The act expands the definition of “report” to include any opinion or other form of writing that refers to any attest or compilation service, rather than just financial statement services, indicating a positive assurance of the reliability of the attested or compiled information. It also specifies that (1) an indication that the report issuer has special competence in accounting or auditing can come from using titles (e. g. , CPA) or any other language implying such competence (e. g. , referring to professional accounting standards) and (2) “report” includes using disclaimers of opinion conventionally understood to imply the special competence of the report's issuer.
PROVISION OF ATTEST AND COMPILATION SERVICES
Prohibition on Performing Services
The law prohibits a person or firm that is not a CPA or CPA firm from issuing financial statement reports completed according to the applicable professional accounting standards. The act expands the prohibition to include (1) offering or rendering any attest or compilation service, including those performed using the SSAEs on subjects other than financial statements, and (2) issuing a report on such services using any language conventionally used by CPAs.
The act retains existing exceptions to this prohibition that allow non-CPAs to perform tasks involving accounting or auditing skills without issuing reports (e. g. , issuing a document completed using professional accounting standards). Although the act expands the definition of attest services to include reviews of subjects other than financial statements, it does not prohibit a non-CPA from performing similar services. A non-CPA or non-CPA firm may review documents other than financial statements (e. g. , an engineering consulting firm could review a company's greenhouse gas emissions), but that person or firm cannot state or imply that the service or report was performed by a CPA or conducted according to professional accounting standards, such as the SSAEs.

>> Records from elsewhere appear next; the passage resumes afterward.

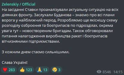 "Проаналізували актуальну ситуацію на всіх ділянках фронту. Заслухали Буданова – ми знаємо про всі плани ворога у найближчий період. Розробляємо ще якіснішу схему розподілу озброєння та боєприпасів по підрозділах, особливу увагу тут – новоствореним бригадам.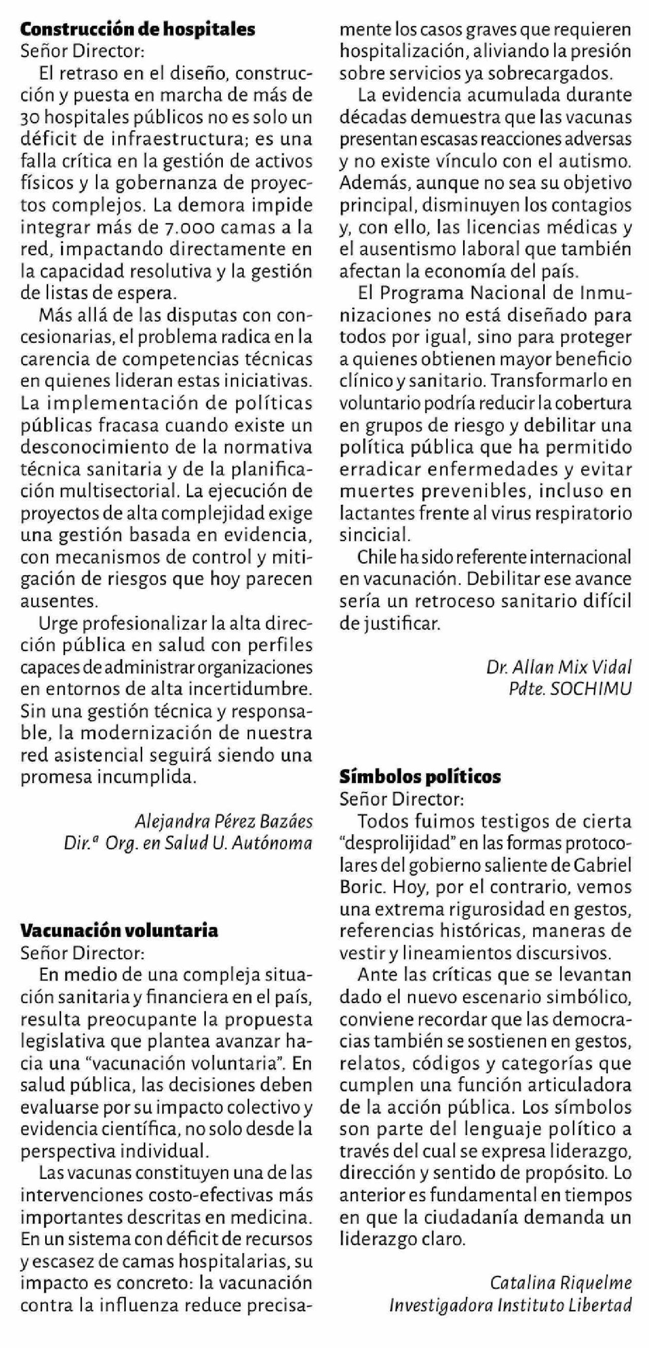 Cartas: Vacunación voluntaria 25-03-2026 La Discusión |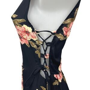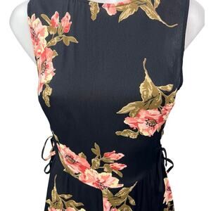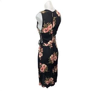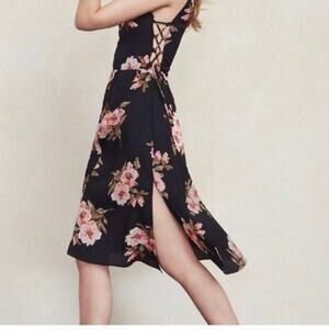 Reformation Camille Black Floral Sleeveless Lace Up Midi Fit & Flare Dress Sz 4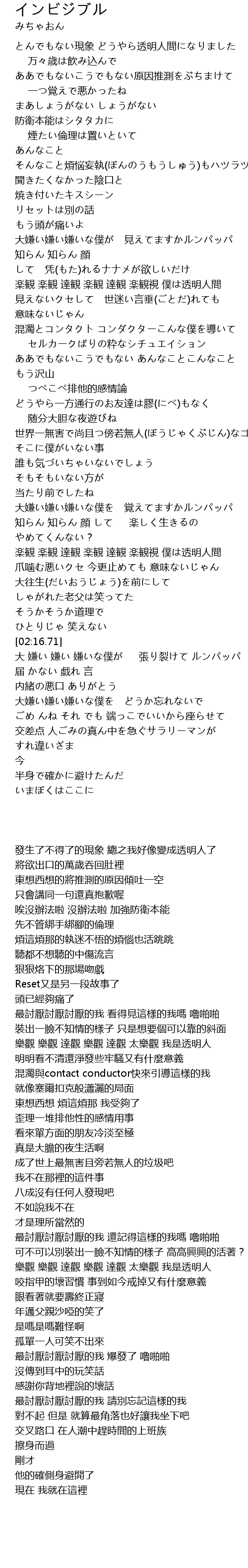 | [01:56.52] | 楽観 楽観 達観 楽観 達観 楽観視 僕は透明人間 |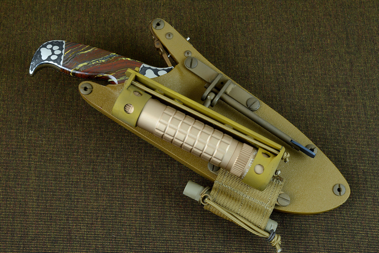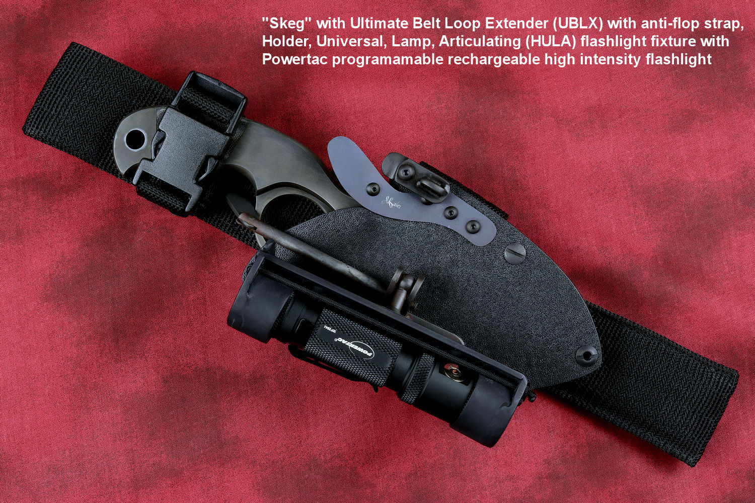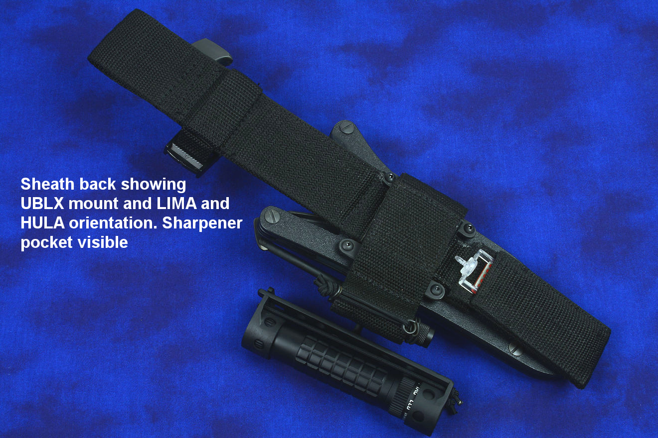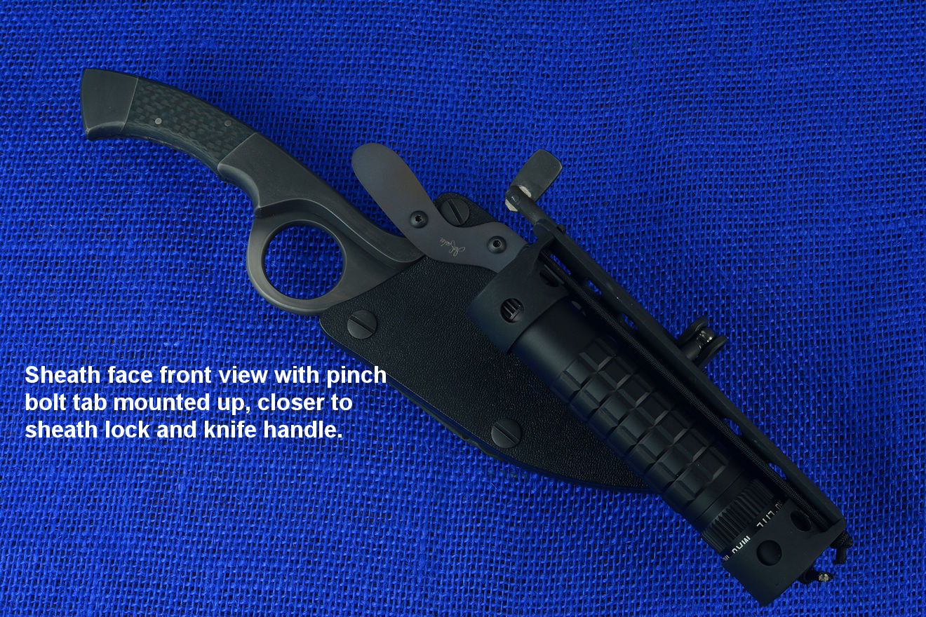 The HULA (Holder, Universal, Lamp, Articulating) is designed to mount on my tactical, counterterrorism, combat, rescue, and survival knife sheaths to store, hold, and aim a primary flashlight. It has an articulating and wide range of adjustment. It allows the user to aim the flashlight, and lock it in that position. It can be rigidly locked in that position, or lightly locked, allowing easy movement, or completely released, allowing free movement and aiming. It can be folded and moved to the side, front, or even rear of the sheath.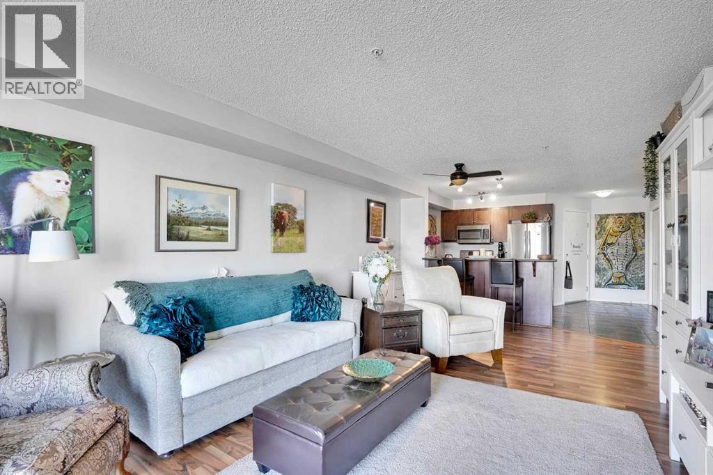 Welcome Home! This sweet condo is absolutely perfect for those who want a peaceful place to call their own. You can feel it as soon as you step into the suite. This corner suite overlooks walking paths, community spaces and greenery and the east exposure guarantees bright mornings. A generous size balcony is accessed through sliding patio doors from the living room: add some patio furniture, then sit back and enjoy the view. Tastefully decorated and well kept with dark stained wooden cabinetry, ceramic floor in the entry, kitchen and bathroom, laminate flooring in the living room and dining area, raised breakfast/casual/dining counter and upgraded appliances. The corner electric fireplace adds to the ambiance of this home. When it's cold outside, the heater fan can be turned on to gently warm the living area. Can you say "cozy"...?? There is abundant storage in the closets with built in shelving and space savers. An oversized, tiled, walk in shower in the main bath is both beautiful and functional. Care and thought was absolutely put into its design. Pride of ownership is both felt and seen in every part of this delightful condo. Walking distance to shopping complex with Shopper's Drug Mart, Save-On-Foods, banks, restaurants and... of course.... a Timmy's. A short drive will take you to the full Country Hills Shopping complex boasting a theatre, flower shops and the Calgary Public Library at Country Hills! CrossIron Mills is 15 minutes away. If you don't drive, Calgary Transit offers good service with connections at the North Pointe Terminal that's beside the Country Hills Complex. Check out the Panorama Pointe Community Centre, an active and expansive recreation facility for the area. A golf course is close by. Your designated parking stall #15 with power is right in front of the building. Condo fees include all utilities, even electricity. This home offers affordable, low maintenance living in a lovely area of Calgary. Contact your realtor to see it today!! (id:58070)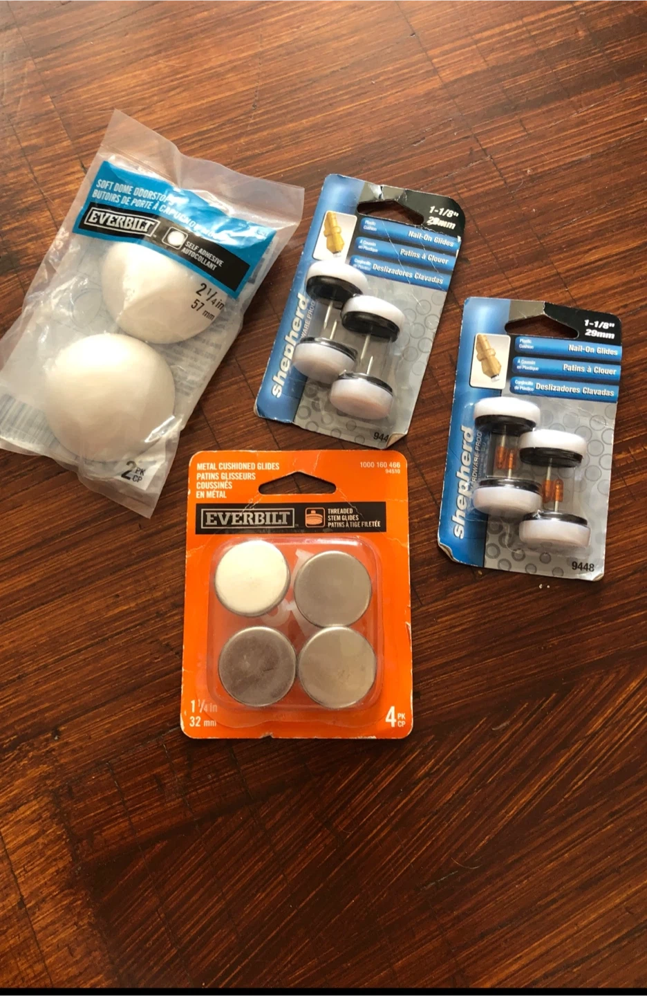 300Selling a mix of glides and doorstops from Everbilt and Shepherd. Includes: - Everbilt Soft Dome Doorstops (2 1/4 in / 57 mm, self-adhesive) - Shepherd Nail-On Glides (1-1/8" / 29mm) - Everbilt Metal Cushioned Glides (1 1/4 in / 32 mm)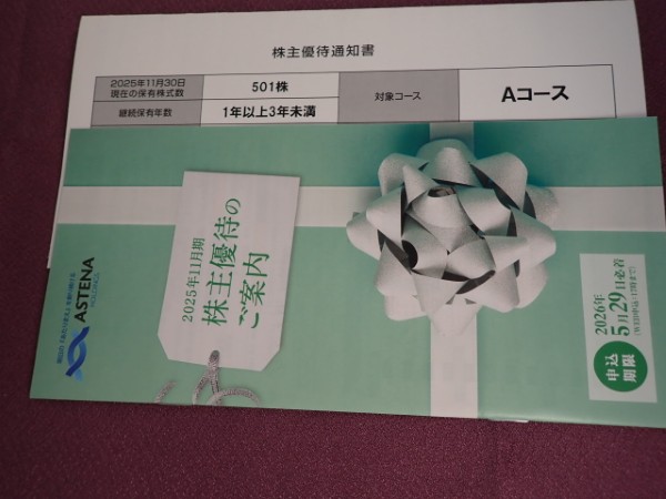 アステナホールディングス(8095)の株主優待案内が到着しました。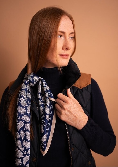 Elegancka apaszka damska Satynowa wzór paisley granatowa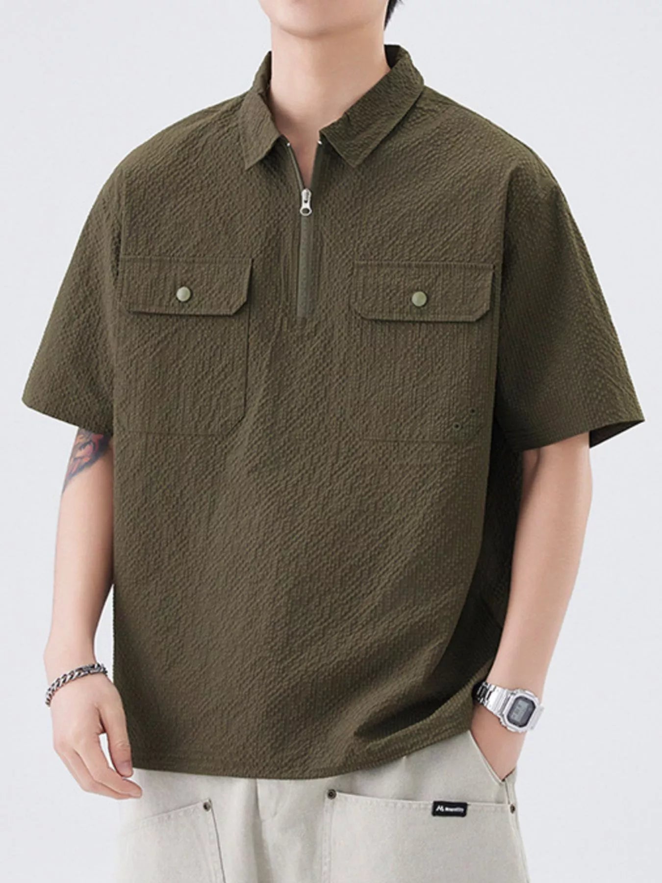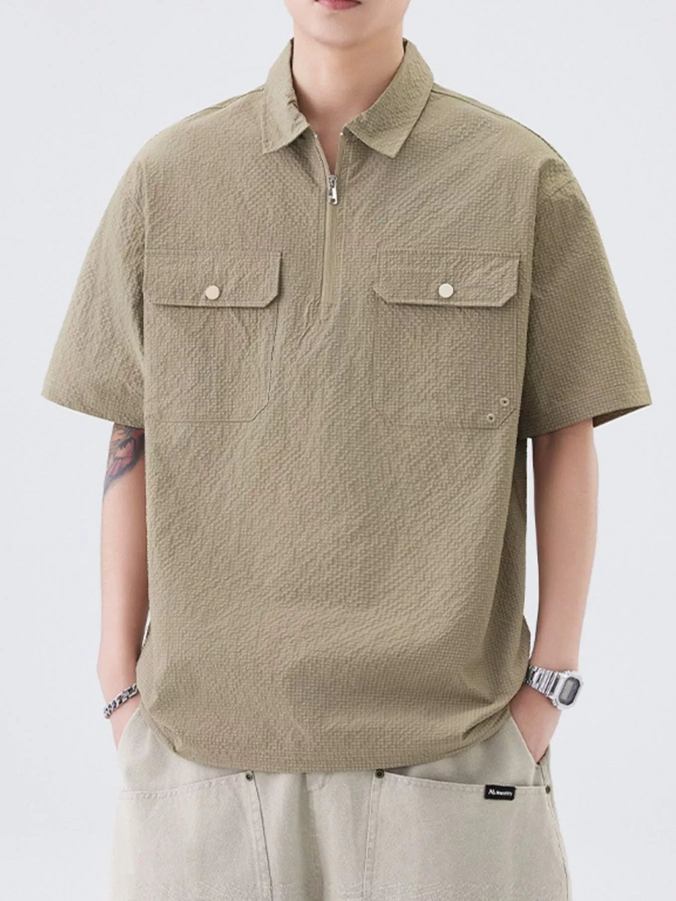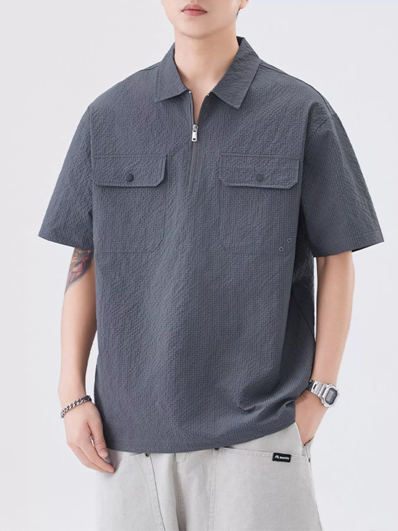 Men's Quarter Zip Half Sleeve Polo
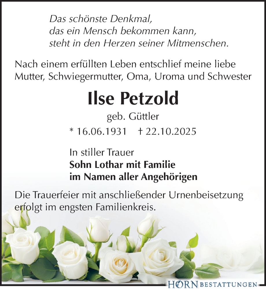 Hier finden Sie alle Traueranzeigen aus der Zeitung, die bisher für Ilse Petzold erschienen sind. Weitere Traueranzeigen, die in der Zeitung erscheinen, werden hier ebenfalls aufgelistet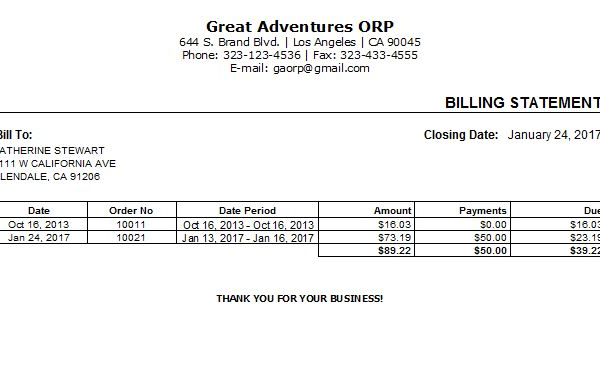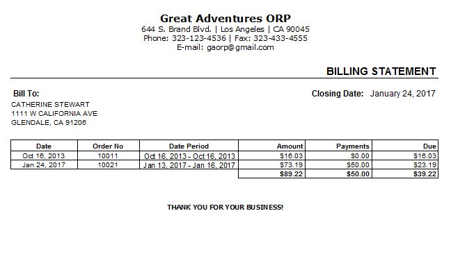 You can generate billing statements for customers using several criteria (all orders, completed orders with balance dues, etc. )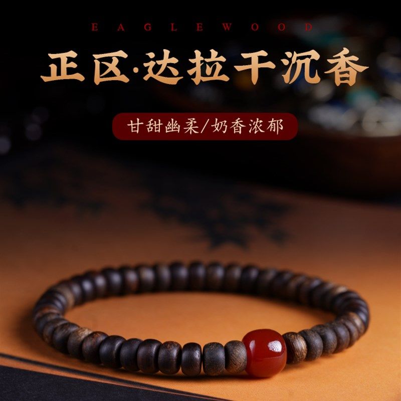 正区达拉干沉香手串保真老料算盘珠手链女男款文玩佛珠沉水级片珠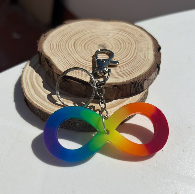 Llaveros solidarios simbólicos del autismo. La mitad de lo recaudado va destinado a personas neurodivergentes precarizadas (colaboración con el equipo La Madriguera. 🧡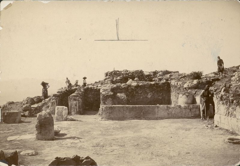 : "Harriet Boyd Hanies Excavating palace Gournia Near view D14 2951, "On the back ""2951""""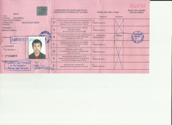 咸陽、西安駕照翻譯-尼日爾駕照翻譯模版-車管所認(rèn)可-蓋章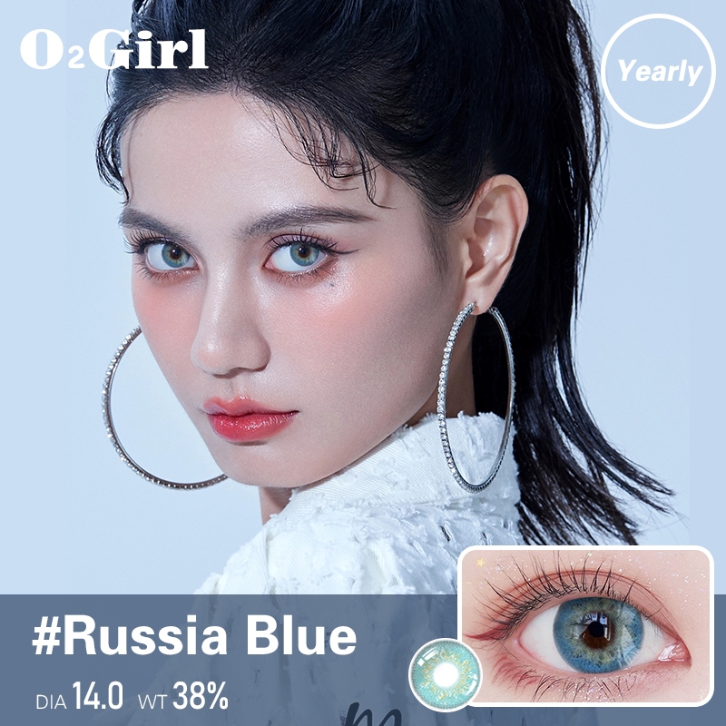 kính áp tròng O2Girl contact lenses 2 mảnh cosplay làm đẹp học sinh màu nâu xám xanh đen tự nhiên nam và nữ 14.0-14.5mm đường kính ống kính áp tròng hoạt hình học sinh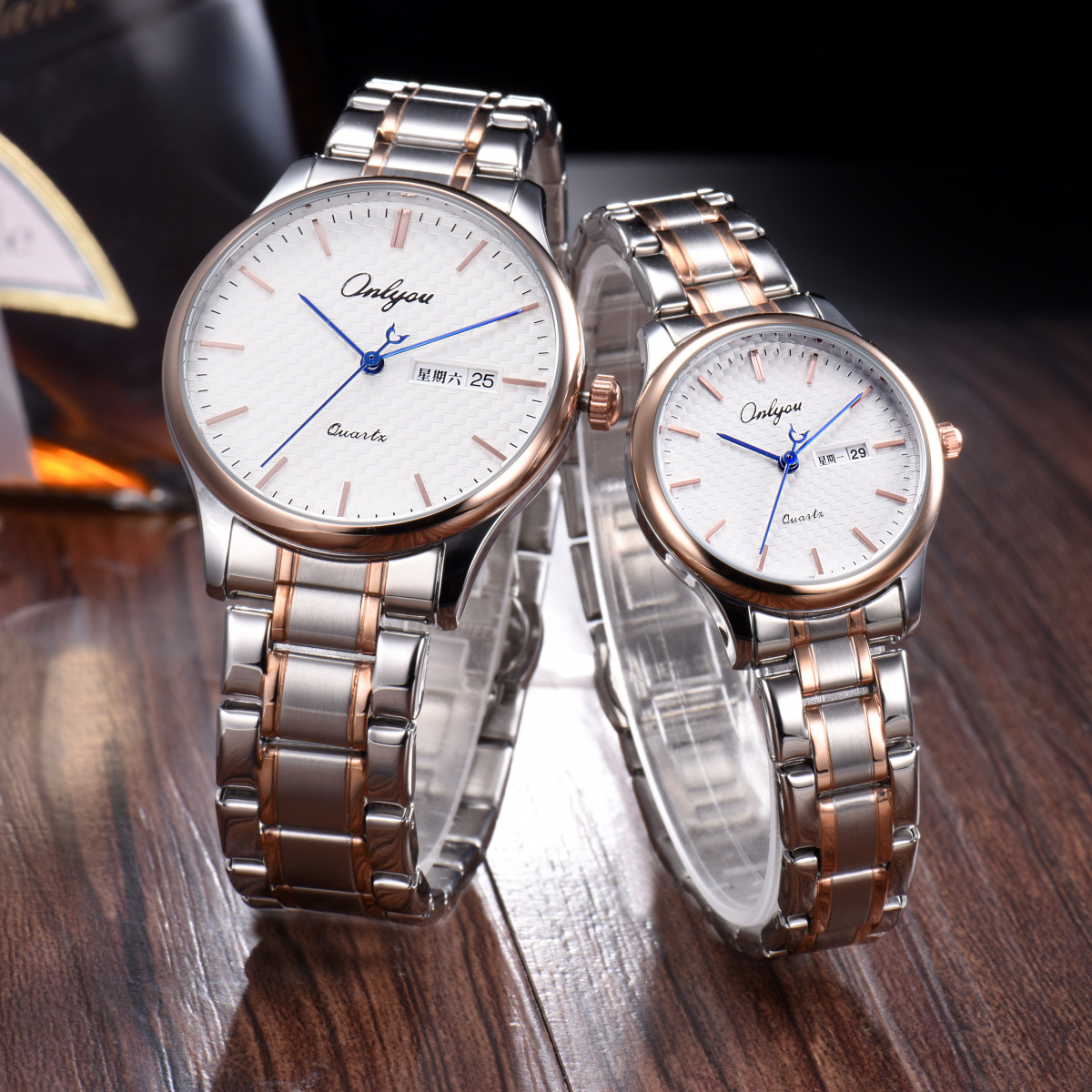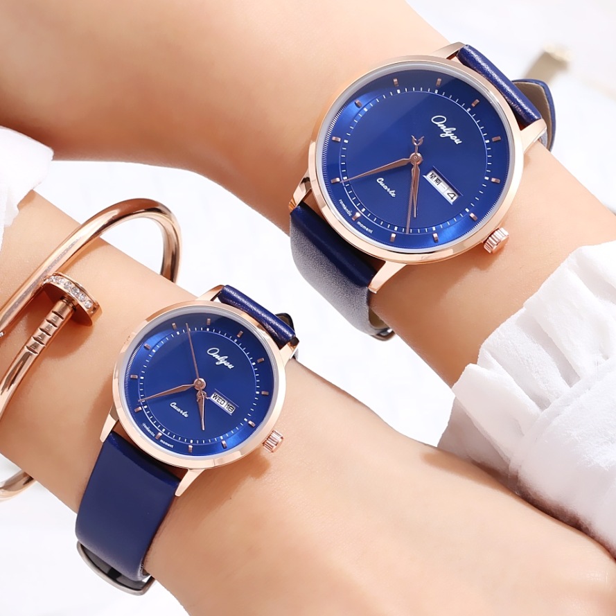 オリニカップル腕時計女性ファッショントレンド防水石英バンドダブルカレンダー女性時計カジュアル学生時計

Out-of-State CPAs and CPA Firms
The law requires out-of-state CPA firms to hold a permit in order to provide certain attest services for clients with a home office in Connecticut. Specifically, firms need a permit to perform (1) certain audits according to professional accounting standards and (2) examinations of prospective financial information according to the SSAEs. The act expands such services to include any review or other engagement conducted according to the SSAEs.
By law, out-of-state CPAs with Connecticut practice privileges may only perform certain attest services for clients with a home office in Connecticut if they do so through a CPA firm with a permit. The act expands such services to include (1) reviews or other procedures performed according to the SSAEs and (2) reviews of financial statements performed according to specified professional accounting standards.
Uniform Accountancy Act (UAA)
In 1984, the American Institute of Certified Public Accountants and the National Association of State Boards of Accountancy published the first joint model act, later renamed the UAA. A substantial majority of state accountancy laws followed, in their principal provisions, the example provided by earlier model accountancy acts and the UAA. The UAA contains separable provisions that may be added to existing state laws instead of replacing them entirely.
The latest revision to the UAA (Seventh Edition, July, 2014) revises the definition of attest to include any examination, review, or agreed-upon procedures engagement performed using the SSAEs. Previously, it included only examinations of prospective financial information performed according to the SSAEs in the definition of attest. Consequently, non-CPAs were not prohibited from performing many attest activities according to professional accounting standards.